The new citizen raised an eye-brow. "In Utopia?"
"It's a healthy outlet for our small aggressions."
They walked up the marble staircase to the Grand Circle.
"Would you wait for me a few minutes in my box? I have some things to attend to."
The visitor entered the box through a great door, heavily crusted with gold. His seat afforded him an excellent view of the arena. All the Utopians in the tiers above and across from his box stopped chattering and turned, as one man, to gaze at him. The new citizen recognized several women of recent acquaintance and waved to them. They waved back. One kissed her sheer gobbler-fleece scarf and threw it toward him. It billowed in the warm air of the auditorium and sank gracefully to the floor of the arena. There was restrained applause.
The lights dimmed. The entrance-gates at the far end of the arena opened with a clank. The gobblers bounded out with that curious, lithe motion so strange in creatures of their bulk. They circled the arena and came to a stop underneath the new citizen's box, where, lips pressed back from their terrible fangs, they mewled softly.

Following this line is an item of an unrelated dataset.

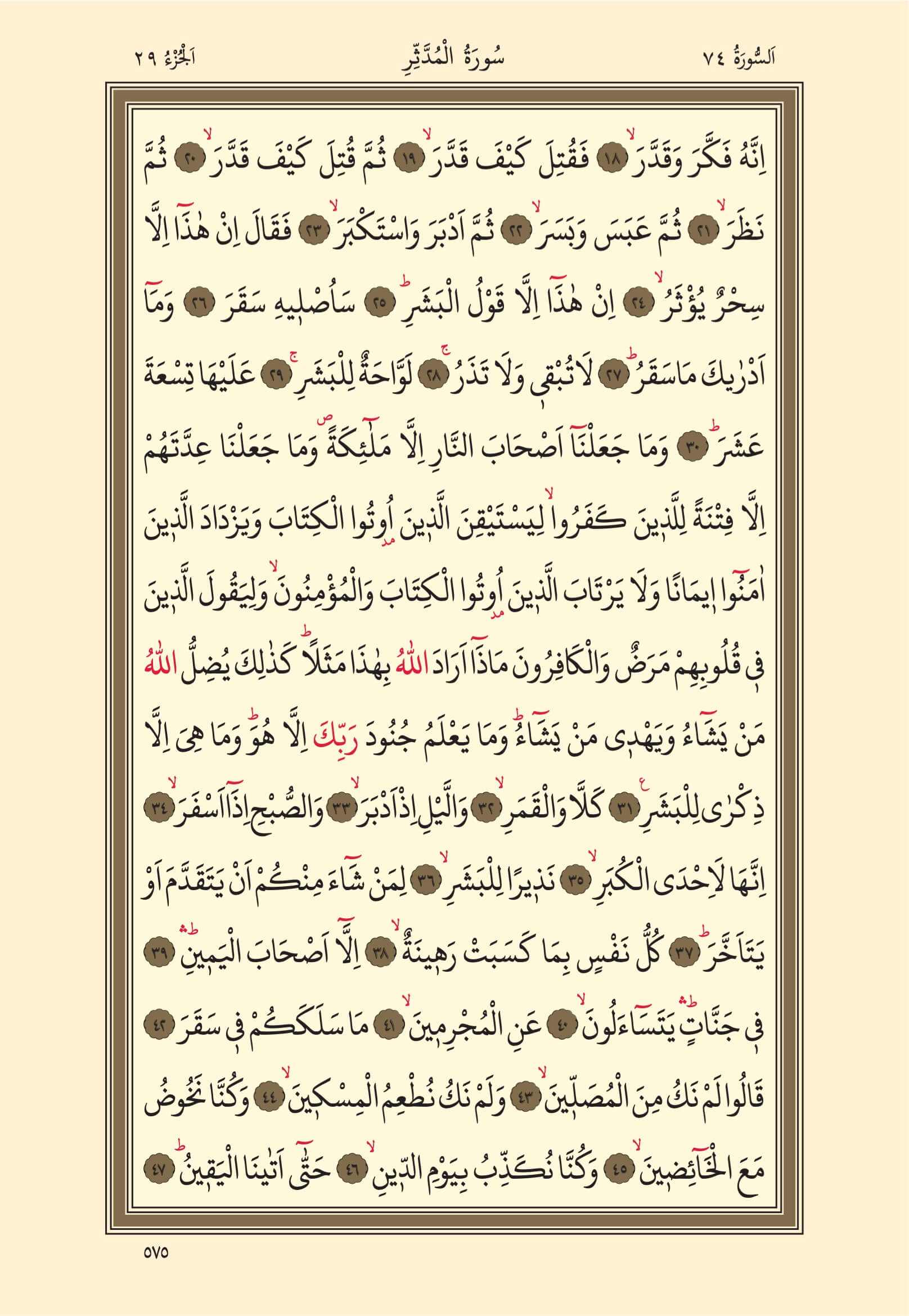 29. Cüz, 575. Sayfa, Müddessir Suresi | Kuran-ı Kerim Oku
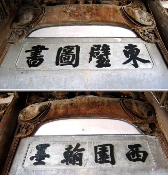繼志堂正廳山墻前廊兩端的龍虎門,門額嵌青石匾,矩形框,剔地起突,陽刻楷書黑漆:“東璧圖書”“西園翰墨”四字匾,字體遒勁有力。門額采用互文手法,比喻這個(gè)地方到處有古籍和文壇雅集,是很有文化氛圍的地方。此聯(lián)出典自唐代張說的《恩賜麗正殿書院賜宴應(yīng)制得林字》:“東璧圖書府,西園翰墨林?!睋?jù)史書載,漢代丞相蕭何在未央宮建天祿、石渠二閣,以藏歷代典籍和檔案文獻(xiàn)。魏晉時(shí)期建“西園”以宴建安七子,宋代馬遠(yuǎn)繪《西園雅集圖》傳世,米芾、張士奇作記。

With an almost imperceptible click, the box was disengaged from its moorings and swung free over the arena. Then with slow, pendular motions it descended to the floor.
The audience cheered wildly as the gobblers leaped, like great-maned antelopes, over the railing of the box and tore the new citizen of Utopia into shreds. Even as they gulped down the huge chunks of fatty tissue, the spectator could see their fleece change from a tone of drab nickel to a sheen something between the glint of polished steel and the shimmer of watered silk.